> _DATA SUPPLIED_
****************************************

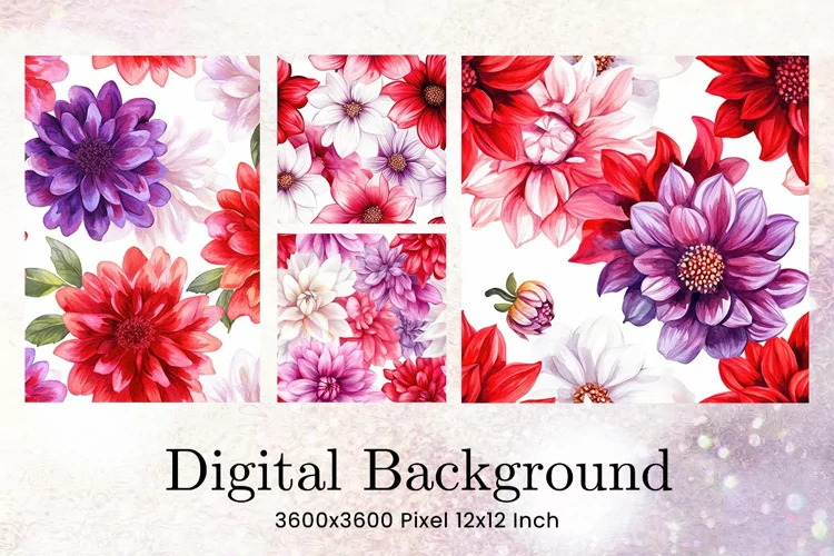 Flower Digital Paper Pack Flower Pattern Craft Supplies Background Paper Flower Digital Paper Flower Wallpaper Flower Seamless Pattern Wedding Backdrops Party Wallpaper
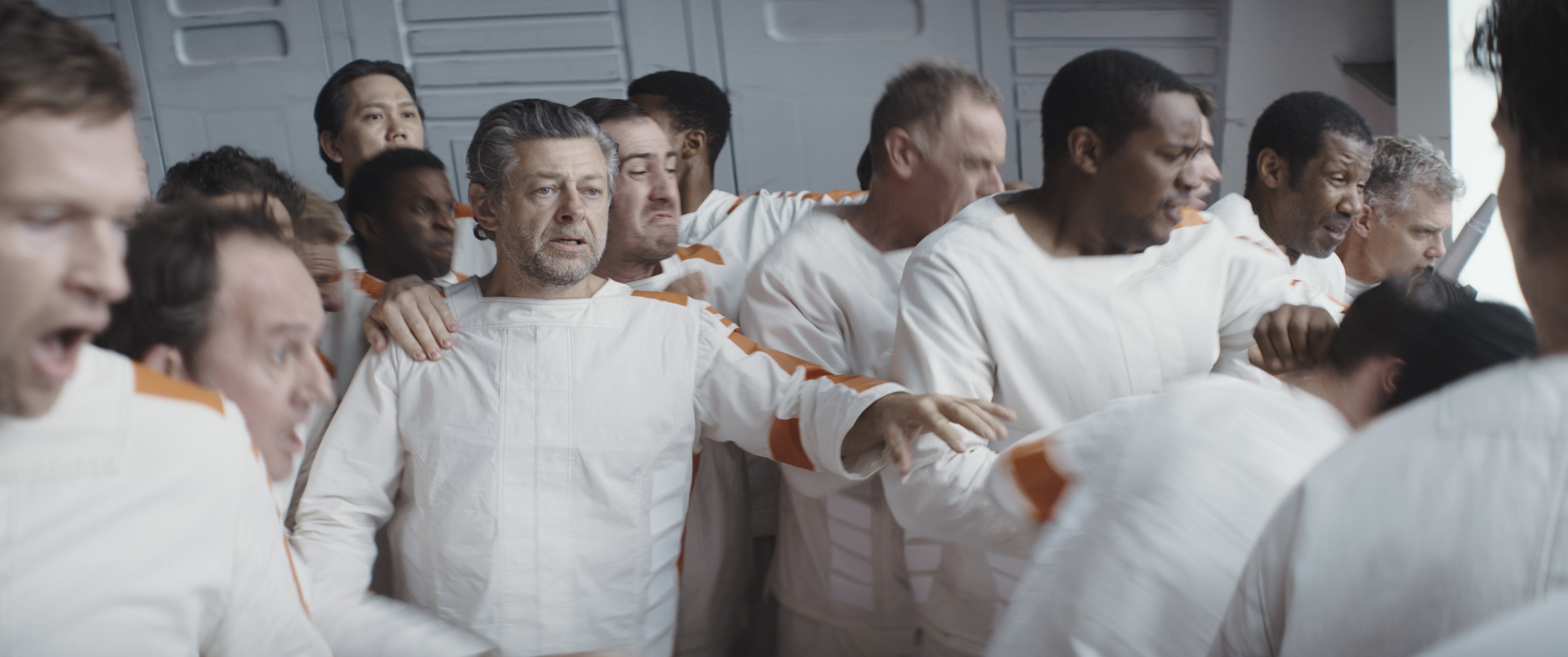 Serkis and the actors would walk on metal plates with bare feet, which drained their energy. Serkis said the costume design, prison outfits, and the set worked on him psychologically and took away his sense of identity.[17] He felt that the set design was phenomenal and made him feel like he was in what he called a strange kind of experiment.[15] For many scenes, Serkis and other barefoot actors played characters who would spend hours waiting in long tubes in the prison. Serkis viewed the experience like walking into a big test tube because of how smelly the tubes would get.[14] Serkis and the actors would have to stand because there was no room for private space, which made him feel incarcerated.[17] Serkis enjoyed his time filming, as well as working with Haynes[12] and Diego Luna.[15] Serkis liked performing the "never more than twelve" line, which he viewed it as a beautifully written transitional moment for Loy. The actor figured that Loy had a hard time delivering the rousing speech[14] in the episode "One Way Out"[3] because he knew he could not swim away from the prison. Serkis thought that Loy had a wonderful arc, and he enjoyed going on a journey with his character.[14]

****************************************

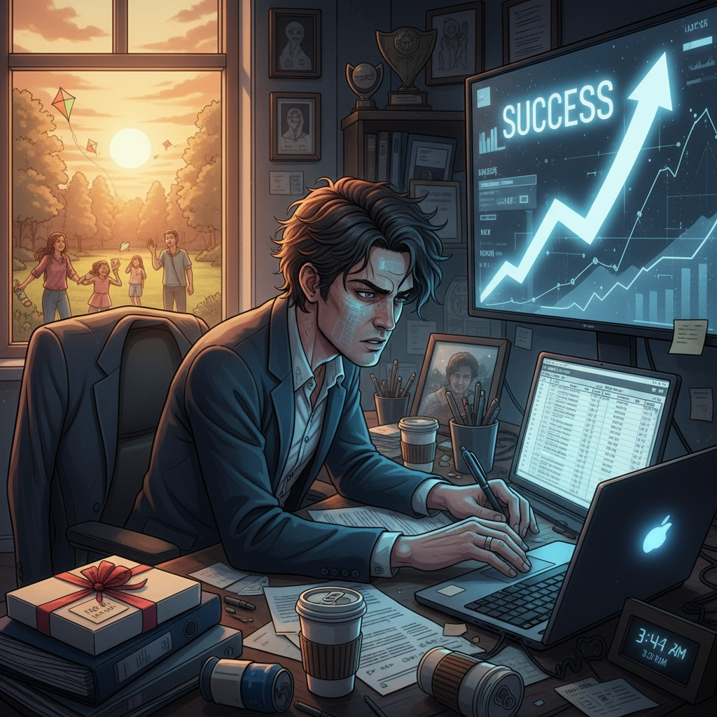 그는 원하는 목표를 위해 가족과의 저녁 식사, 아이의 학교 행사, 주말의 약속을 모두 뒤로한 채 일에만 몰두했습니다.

****************************************

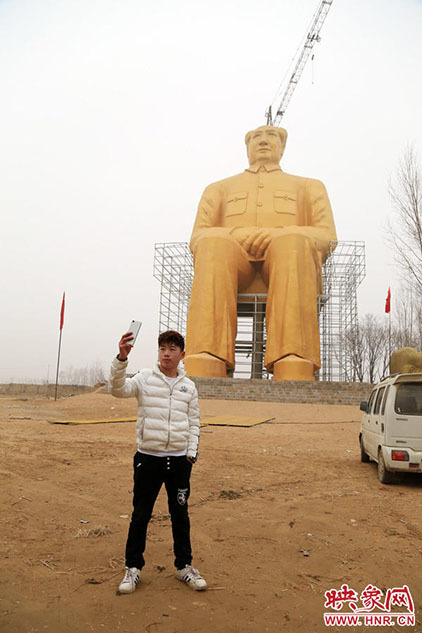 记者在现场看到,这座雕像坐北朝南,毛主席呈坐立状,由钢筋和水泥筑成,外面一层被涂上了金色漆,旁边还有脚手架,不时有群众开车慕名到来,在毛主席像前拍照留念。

****************************************

The data above holds the lines to copy: start at the one with "Flower Digital Paper Pack", stop at the one with "Serkis and the actors would walk", include both, copy them exactly without pictures, and copy nothing else.

> _WRITTEN RESPONSE_
 Flower Digital Paper Pack Flower Pattern Craft Supplies Background Paper Flower Digital Paper Flower Wallpaper Flower Seamless Pattern Wedding Backdrops Party Wallpaper
 Serkis and the actors would walk on metal plates with bare feet, which drained their energy. Serkis said the costume design, prison outfits, and the set worked on him psychologically and took away his sense of identity.[17] He felt that the set design was phenomenal and made him feel like he was in what he called a strange kind of experiment.[15] For many scenes, Serkis and other barefoot actors played characters who would spend hours waiting in long tubes in the prison. Serkis viewed the experience like walking into a big test tube because of how smelly the tubes would get.[14] Serkis and the actors would have to stand because there was no room for private space, which made him feel incarcerated.[17] Serkis enjoyed his time filming, as well as working with Haynes[12] and Diego Luna.[15] Serkis liked performing the "never more than twelve" line, which he viewed it as a beautifully written transitional moment for Loy. The actor figured that Loy had a hard time delivering the rousing speech[14] in the episode "One Way Out"[3] because he knew he could not swim away from the prison. Serkis thought that Loy had a wonderful arc, and he enjoyed going on a journey with his character.[14]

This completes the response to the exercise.